### Problem to work on
Below are records; please write out exactly the lines from the first line through the line containing "- 《校园外卖配送搭建指南:开启便捷校园生活新篇章》", with no pictures.

Dataset items:
- - - - -
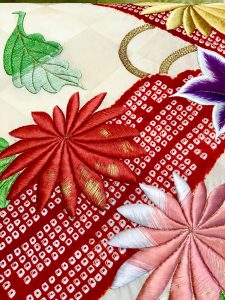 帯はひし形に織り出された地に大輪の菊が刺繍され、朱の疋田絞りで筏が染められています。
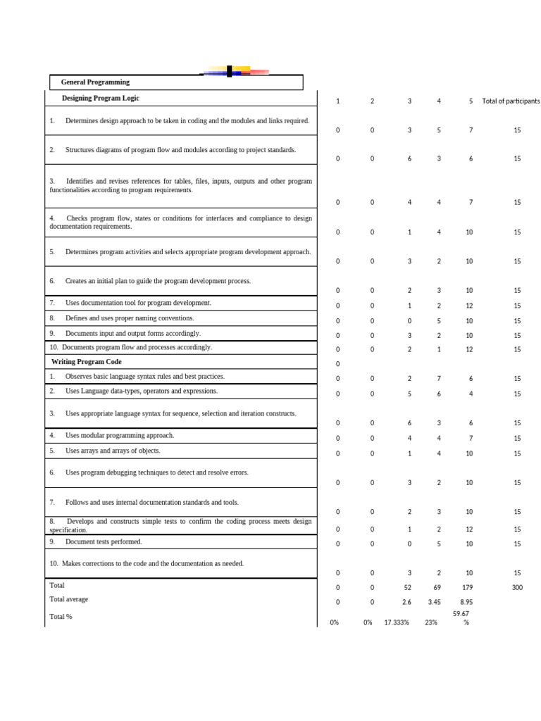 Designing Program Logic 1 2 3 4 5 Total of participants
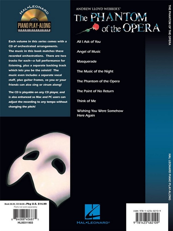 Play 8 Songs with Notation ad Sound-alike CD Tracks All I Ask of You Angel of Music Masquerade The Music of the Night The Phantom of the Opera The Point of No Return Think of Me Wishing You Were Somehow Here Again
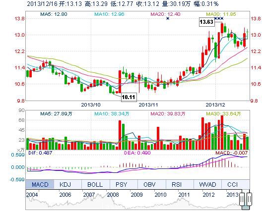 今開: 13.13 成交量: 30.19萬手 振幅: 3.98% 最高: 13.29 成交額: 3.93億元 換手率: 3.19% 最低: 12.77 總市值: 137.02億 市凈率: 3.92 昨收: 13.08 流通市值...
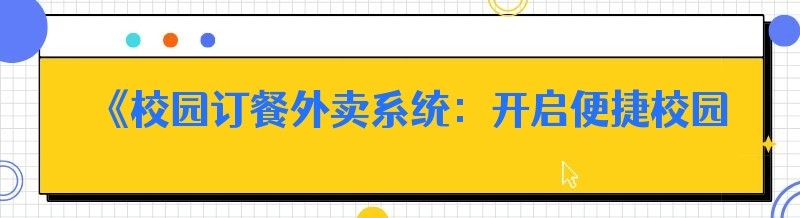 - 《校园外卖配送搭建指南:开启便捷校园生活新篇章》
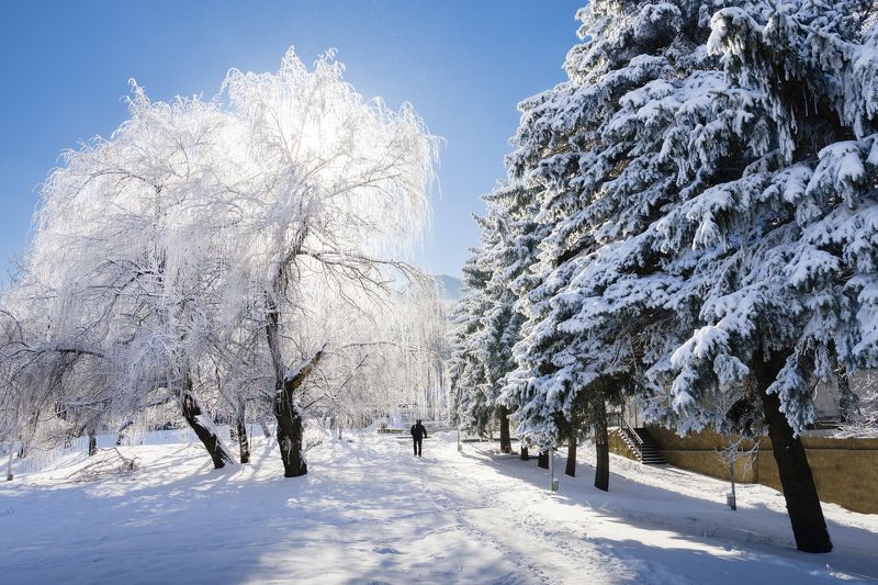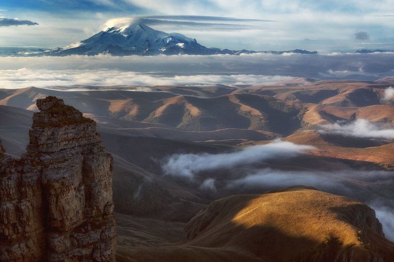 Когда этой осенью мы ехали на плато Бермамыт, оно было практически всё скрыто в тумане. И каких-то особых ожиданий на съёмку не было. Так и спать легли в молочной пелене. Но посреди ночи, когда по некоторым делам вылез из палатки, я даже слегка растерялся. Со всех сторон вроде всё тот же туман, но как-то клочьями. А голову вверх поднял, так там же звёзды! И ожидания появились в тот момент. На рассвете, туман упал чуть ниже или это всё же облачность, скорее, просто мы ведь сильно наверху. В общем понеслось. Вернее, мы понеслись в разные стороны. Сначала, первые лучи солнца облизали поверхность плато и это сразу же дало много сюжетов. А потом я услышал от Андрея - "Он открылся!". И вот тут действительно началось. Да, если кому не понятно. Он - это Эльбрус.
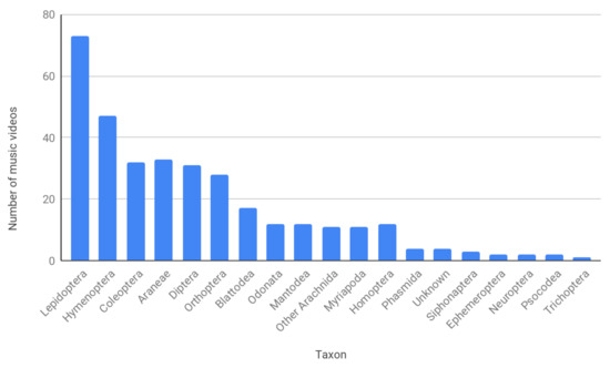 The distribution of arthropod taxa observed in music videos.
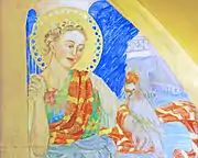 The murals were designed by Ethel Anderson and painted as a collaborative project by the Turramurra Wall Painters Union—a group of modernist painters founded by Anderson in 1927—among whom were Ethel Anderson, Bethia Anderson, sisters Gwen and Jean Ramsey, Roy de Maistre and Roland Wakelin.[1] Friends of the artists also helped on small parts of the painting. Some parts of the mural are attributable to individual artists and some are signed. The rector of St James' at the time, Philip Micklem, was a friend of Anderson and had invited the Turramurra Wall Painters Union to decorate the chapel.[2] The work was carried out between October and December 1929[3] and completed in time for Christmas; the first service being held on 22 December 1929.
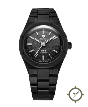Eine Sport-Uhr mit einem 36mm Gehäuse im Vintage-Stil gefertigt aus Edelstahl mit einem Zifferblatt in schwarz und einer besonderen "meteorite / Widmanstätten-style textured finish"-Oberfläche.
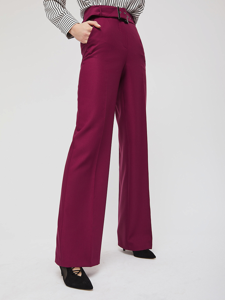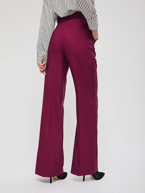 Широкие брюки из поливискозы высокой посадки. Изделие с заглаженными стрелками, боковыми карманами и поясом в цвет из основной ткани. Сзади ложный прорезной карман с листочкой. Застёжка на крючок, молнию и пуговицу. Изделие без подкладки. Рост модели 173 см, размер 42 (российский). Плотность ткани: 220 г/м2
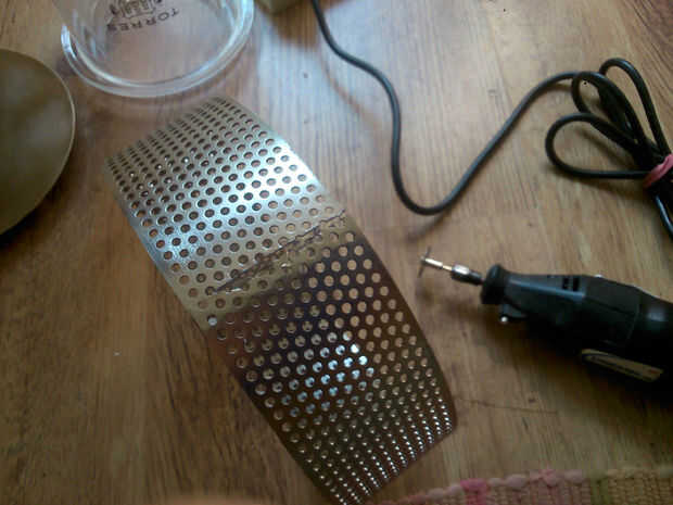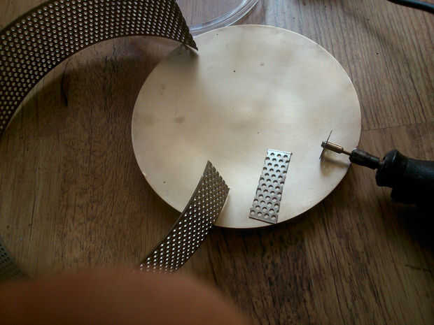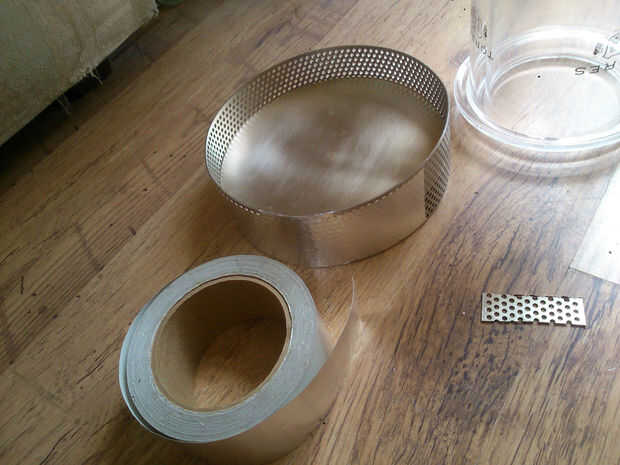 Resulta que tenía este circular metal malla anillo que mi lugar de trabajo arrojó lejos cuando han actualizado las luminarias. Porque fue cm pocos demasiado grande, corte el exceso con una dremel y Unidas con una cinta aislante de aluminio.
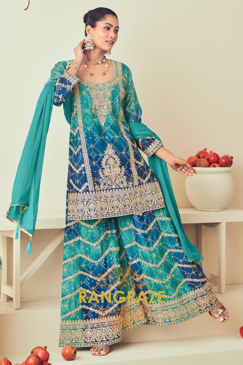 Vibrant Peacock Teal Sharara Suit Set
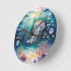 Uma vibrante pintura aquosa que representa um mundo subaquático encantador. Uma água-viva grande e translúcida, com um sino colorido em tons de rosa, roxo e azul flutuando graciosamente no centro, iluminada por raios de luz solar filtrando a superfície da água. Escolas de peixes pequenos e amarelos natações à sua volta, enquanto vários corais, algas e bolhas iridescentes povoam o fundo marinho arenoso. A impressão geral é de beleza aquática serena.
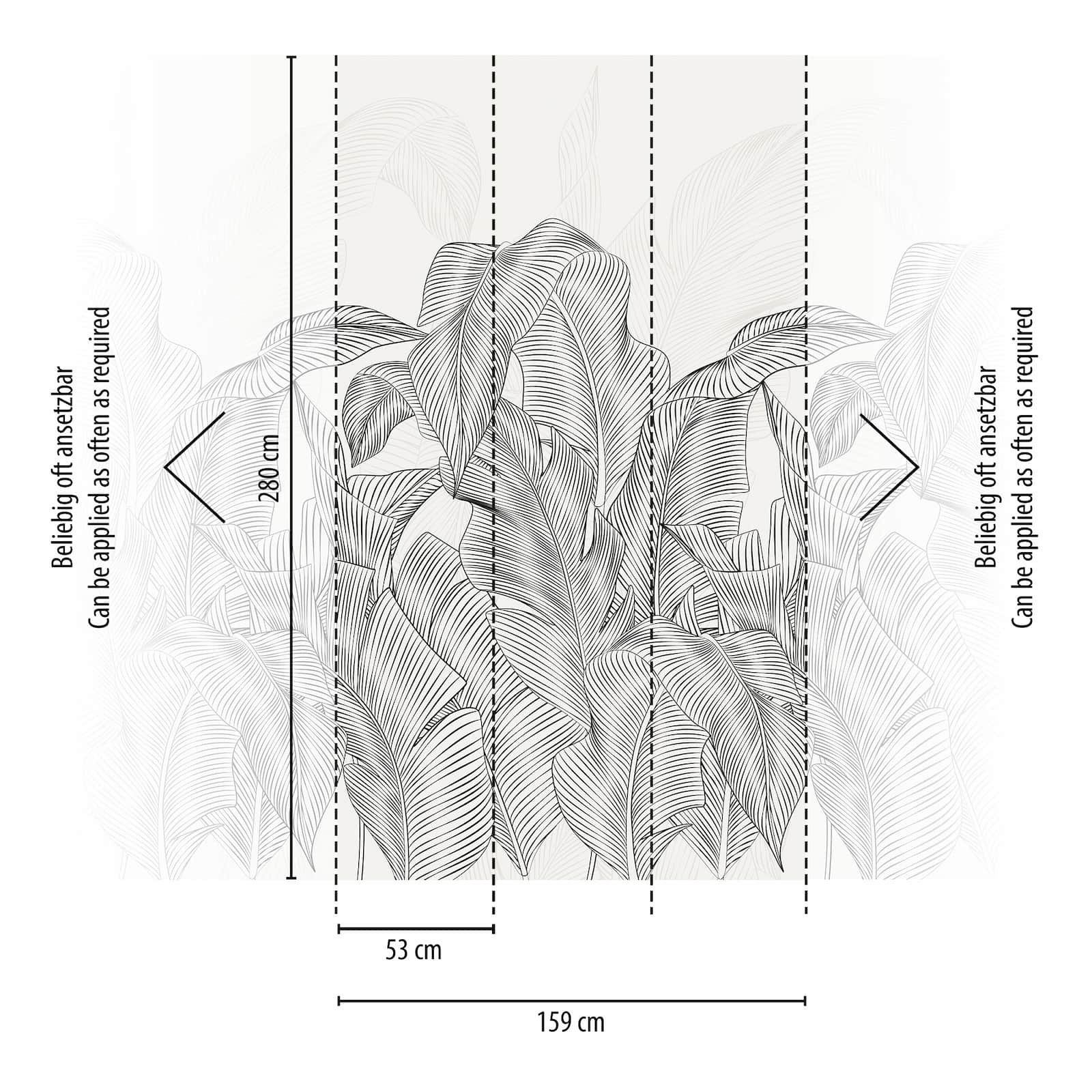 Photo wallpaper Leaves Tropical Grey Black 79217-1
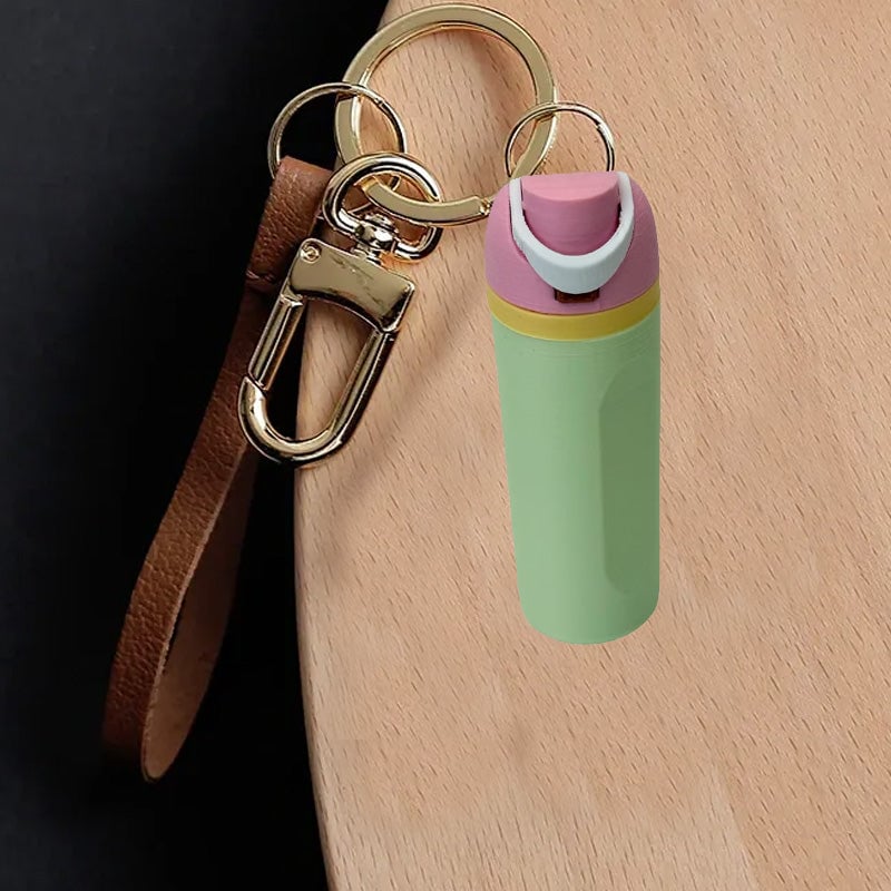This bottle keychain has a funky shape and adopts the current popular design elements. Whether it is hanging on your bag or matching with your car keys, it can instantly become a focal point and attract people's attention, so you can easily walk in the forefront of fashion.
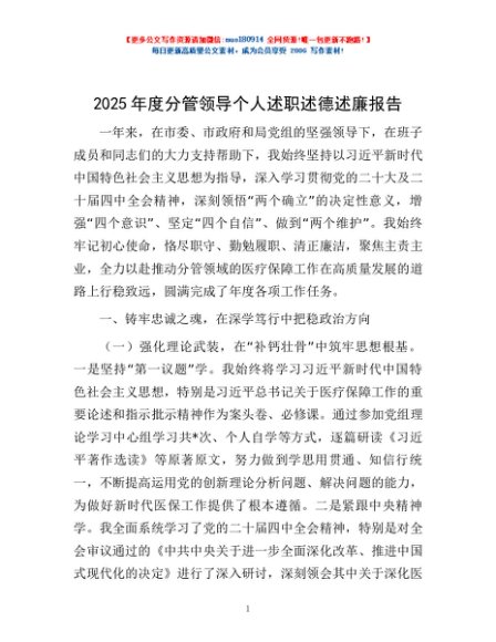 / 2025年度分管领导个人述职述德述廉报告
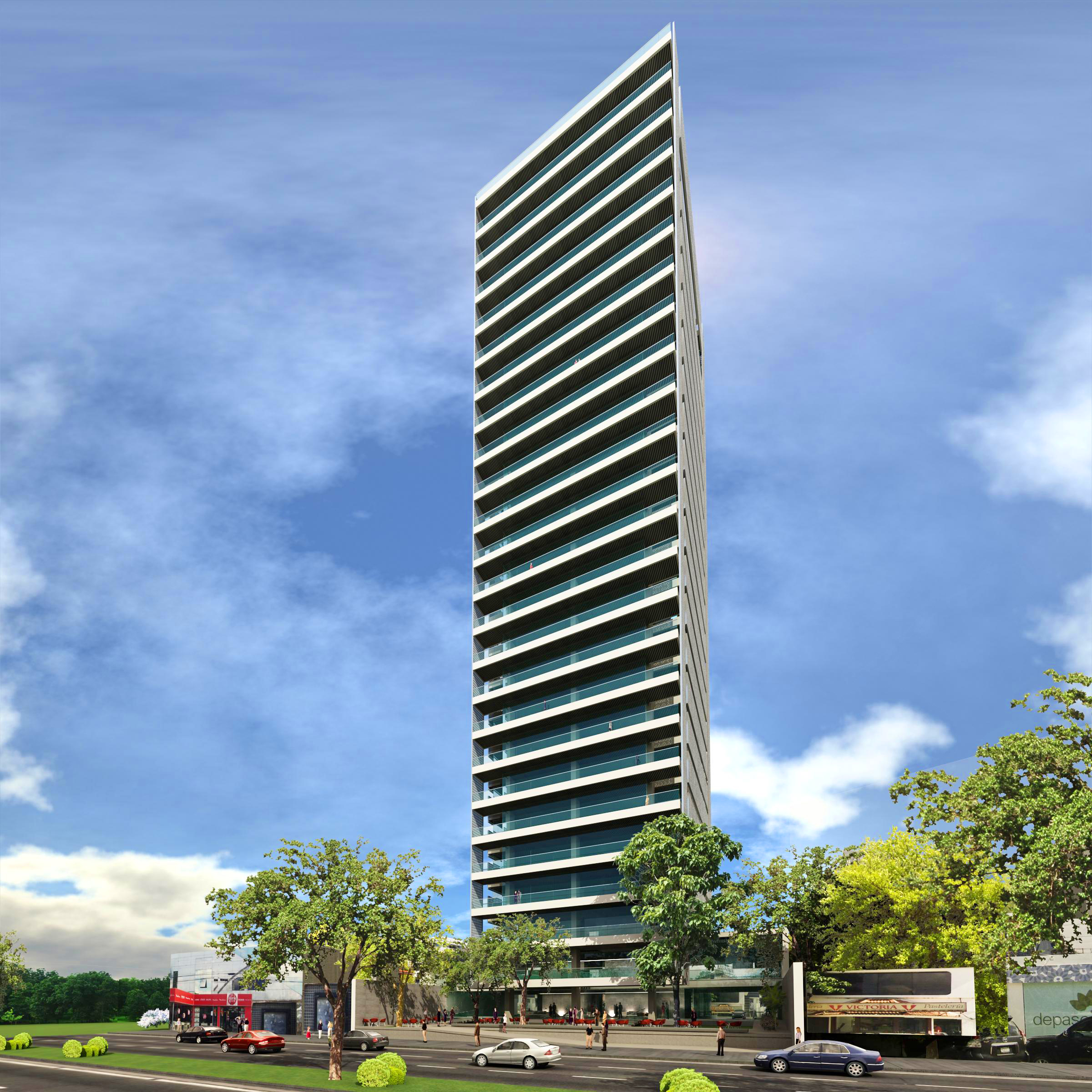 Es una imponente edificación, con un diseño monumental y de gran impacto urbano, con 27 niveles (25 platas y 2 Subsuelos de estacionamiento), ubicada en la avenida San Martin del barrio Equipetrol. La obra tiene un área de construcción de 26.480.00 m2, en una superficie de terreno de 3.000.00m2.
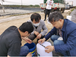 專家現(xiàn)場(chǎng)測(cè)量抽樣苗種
- - - - -
### Exercise output
 帯はひし形に織り出された地に大輪の菊が刺繍され、朱の疋田絞りで筏が染められています。
 Designing Program Logic 1 2 3 4 5 Total of participants
 Play 8 Songs with Notation ad Sound-alike CD Tracks All I Ask of You Angel of Music Masquerade The Music of the Night The Phantom of the Opera The Point of No Return Think of Me Wishing You Were Somehow Here Again
 今開: 13.13 成交量: 30.19萬手 振幅: 3.98% 最高: 13.29 成交額: 3.93億元 換手率: 3.19% 最低: 12.77 總市值: 137.02億 市凈率: 3.92 昨收: 13.08 流通市值...
 - 《校园外卖配送搭建指南:开启便捷校园生活新篇章》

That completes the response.